DNA REPLICATION CHECKPOINT

DNA 复制检查点

• 批准号: 6386497
• 负责人: PAUL RUSSELL
• 金额: $ 31.9万
• 依托单位: SCRIPPS RESEARCH INSTITUTE, THE
• 依托单位国家: 美国
• 财政年份: 1999
• 资助国家: 美国
• 起止时间: 1999-05-01 至 2003-04-30
• 项目状态: 已结题
• 来源: https://reporter.nih.gov/project-details/6386497
• 关键词: DNA replication; SDS polyacrylamide gel electrophoresis; Schizosaccharomyces pombe; cell cycle; cytogenetics; enzyme activity; flow cytometry; fungal genetics; gel mobility shift assay; gene mutation; hydroxyurea; immunofluorescence technique; immunoprecipitation; mass spectrometry; nucleic acid sequence; phosphorylation; polymerase chain reaction; protein kinase; protein structure function; transcription factor; western blottings

Eukaryotic cells use cell cycle checkpoints to ensure that mitosis is delayed until chromosomes are completely replicated and repaired. Checkpoint mutants in yeast and mammalian cells are hypersensitive to agents that inhibit DNA synthesis or damage DNA. Checkpoint mutants in mammalian cells are also prone to rearrangement, fragmentation or loss of chromosomes, events that are often causally associated with cancer and other diseases. The aim of this project is to understand at a very basic level the checkpoint events that are engaged when DNA replication is slowed or halted by the drug hydroxyurea (HU). This replication or HU checkpoint prevents the onset of mitosis. The studies will be carried out with the fission yeast Schizosaccharomyces pombe. This organism has served as an outstanding model system for the investigation of cell cycle and checkpoint controls that are generally conserved amongst most species, including humans. The investigations will focus on Cds1, a protein kinase that appears to play a central role in the replication checkpoint. The project has three specific aims. The first aim is to understand how Cds1 helps to enforce the replication checkpoint. Proteins that regulate the onset of mitosis will be evaluated as targets of Cds1. The second aim is to understand how Cds1 is regulated. Mechanisms that activate Cds1 and cause it to phosphorylate its substrates will be investigated. The third aim is to uncover the mechanism that restricts nuclear localization of Cds1 to the DNA synthesis (S) phase of the cell cycle. These studies will improve the understanding of Cds1 as an important element of checkpoint mechanisms in fission yeast and will provide a framework for investigating the functions of homologous proteins in humans.
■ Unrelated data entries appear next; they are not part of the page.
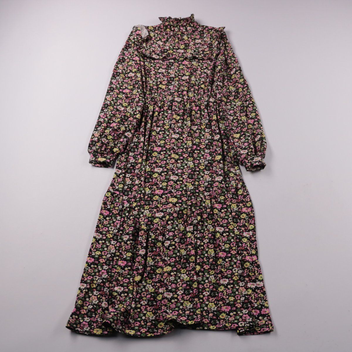 Повседневное платье Blue Vanilla в чёрном цвете с мелким цветочным принтом и длинными рукавами на манжетах. Подойдёт на каждый день и для прогулок, хорошо смотрится с ботинками или кедами. Ткань с эластаном чуть тянется и комфортно садится по фигуре.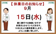 いつもタイヤ館 河内長野をご利用いただきありがとうございます! 誠に勝手では御座いますが 本日 15日 (水)は休業日とさせていただきます。 16日(木)より通常営業いたしますので、 よろしくお願いいたします。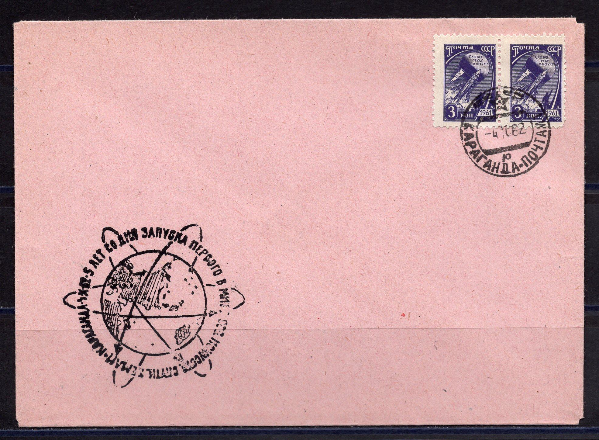 Конверт ХМК со СГ. СССР. 1962 г. 5 лет со дня запуска первого в мире спутника. КО.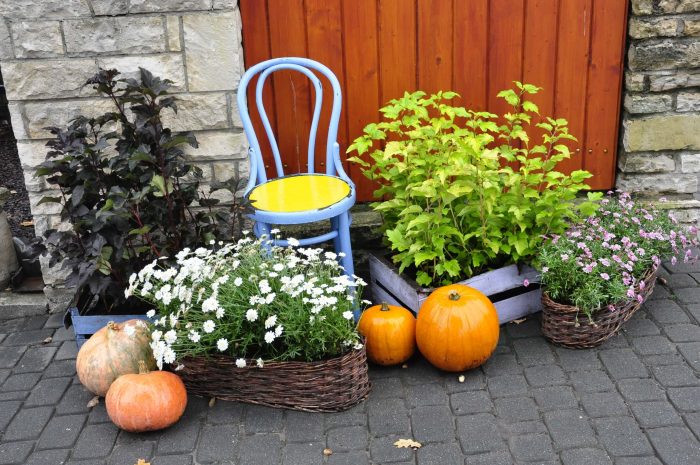kolory rozweselają zakątek ozdobiony dyżurnymi dyniami i chryzantemami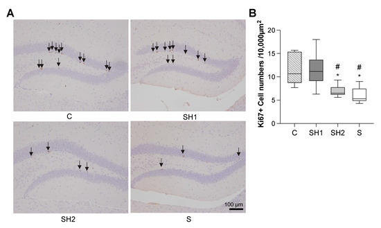 Nissl staining showed that the neurons were arranged in an orderly way in the hippocampi in the C and SH1 groups. In contrast, the neurons in the SH2 and S groups were scattered in a disorderly way (Figure 4A). Compared to the C group mice, the S group mice exhibited neuronal losses in both the CA1 and CA3 regions (p-value < 0.01 vs. the C group, respectively) (Figure 4B,C). Only the CA3 region in the SH1 group showed improvement in its neuron number (p-value < 0.05 vs. the S group) (Figure 4C). No significant neuronal differences were identified in the DG regions among the four groups (Figure 4D). Ki67, an endogenous cell-cycle protein commonly employed as a cellular proliferation marker and expressed during all active phases of the cell cycle, was used to examine whether the reductions in the neurons in the CA1 and CA3 regions were because of the impairment of neurogenesis. The number of Ki67+ cells was significantly reduced in both the SH2 (p-value < 0.05 vs. the C group and the SH1 group, respectively) and S groups (p-value < 0.05 vs. the C group and the SH1 group, respectively), indicating that the long-term soft diet greatly affected cellular proliferation (Figure 5).

真核细胞使用细胞周期检查点来确保有丝分裂被延迟，直到染色体完全复制和修复。酵母和哺乳动物细胞中的检查点突变体对抑制DNA合成或损伤DNA的试剂过敏。 哺乳动物细胞中的检查点突变体也容易发生染色体重排、断裂或丢失，这些事件通常与癌症和其他疾病有因果关系。 该项目的目的是在一个非常基本的水平上了解当DNA复制被药物羟基脲（HU）减慢或停止时所参与的检查点事件。 这种复制或HU检查点阻止有丝分裂的开始。 研究将使用裂殖酵母粟酒裂殖酵母进行。 这种生物体已成为研究细胞周期和检查点控制的杰出模型系统，这些细胞周期和检查点控制通常在大多数物种（包括人类）中保守。 研究将集中在Cds1上，这是一种蛋白激酶，似乎在复制检查点中起着核心作用。 该项目有三个具体目标。 第一个目标是了解Cds1如何帮助实施复制检查点。 调节有丝分裂开始的蛋白质将作为Cds1的靶标进行评价。 第二个目的是了解Cds1是如何调节的。 将研究激活Cds1并使其磷酸化其底物的机制。 第三个目的是揭示限制Cds1的核定位到细胞周期的DNA合成（S）期的机制。 这些研究将提高对Cds1作为裂变酵母中检查点机制的重要元素的理解，并将为研究人类同源蛋白质的功能提供框架。